Over the last couple of years, the Pritzker Prize has been awarded to architects renowned for their quietly strong projects in their home countries, yet lacking an international presence (see: Eduardo Souto de Moura in 2011, and Wang Shu in 2012).

On March 17, the Pritzker Prize jury announced the recipient of the 2013 award: Toyo Ito. The Tokyo architect works mostly in Japan but creates dramatic structures that resonate the world over. While the honour might seem belated – “He has repeatedly been passed over… in favor of designers with much thinner résumés,” critic Nicolai Ouroussoff remarked in 2009″ – that only makes it all the more welcome.

After completing his studies at the University of Tokyo in 1965, Ito worked for Kiyonori Kikutake & Associates and then left in 1971 to open his own studio, Urban Robot.

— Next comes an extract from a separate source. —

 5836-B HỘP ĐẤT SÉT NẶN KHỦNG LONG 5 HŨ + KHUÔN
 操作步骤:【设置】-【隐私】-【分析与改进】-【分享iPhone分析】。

Eight years later, the firm became Toyo Ito & Associates, Architects. It consistently eschews the typical approach to modernism and instead creates awe-inspiring, otherworldly structures by experimenting with materials and form.

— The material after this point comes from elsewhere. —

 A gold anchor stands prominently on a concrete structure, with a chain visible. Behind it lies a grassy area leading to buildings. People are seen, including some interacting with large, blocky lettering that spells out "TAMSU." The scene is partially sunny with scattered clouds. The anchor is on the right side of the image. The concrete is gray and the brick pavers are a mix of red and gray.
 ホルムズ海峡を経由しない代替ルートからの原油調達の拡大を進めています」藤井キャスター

Ito’s outstanding works include the Meiso no Mori Municipal Funeral Hall with its undulating white roof, the TOD’s flagship in Omotesando, featuring a webbed facade, and the striking iceberg-shaped black volume that is the Za-Koenji Public Theatre. But Ito’s Sendai Mediatheque, a transparent library in Miyagi featuring six lattice steel columns that appear to grow from the building’s base, is perhaps his most acclaimed building. The structure withstood the seismic force of Japan’s devastating 2011 earthquake.

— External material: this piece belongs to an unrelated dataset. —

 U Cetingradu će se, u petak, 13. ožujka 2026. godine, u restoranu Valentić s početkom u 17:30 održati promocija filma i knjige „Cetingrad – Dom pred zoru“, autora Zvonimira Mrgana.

The two-time ADI Compasso d’Oro winner also counts a Royal Institute of British Architects’ Gold Medal and a Golden Lion from the Venice Architecture Biennale among his accolades. He becomes the sixth Japanese architect to receive the prize, following Kenzo Tange in 1987, Fumihiko Maki in 1993, Tadao Ando in 1995, and the team of Kazuyo Sejima and Ryue Nishizawa in 2010.

The ceremony will be held at the John F. Kennedy Presidential Library and Museum, designed by Pritzker Laureate I.M. Pei, in Boston on May 29.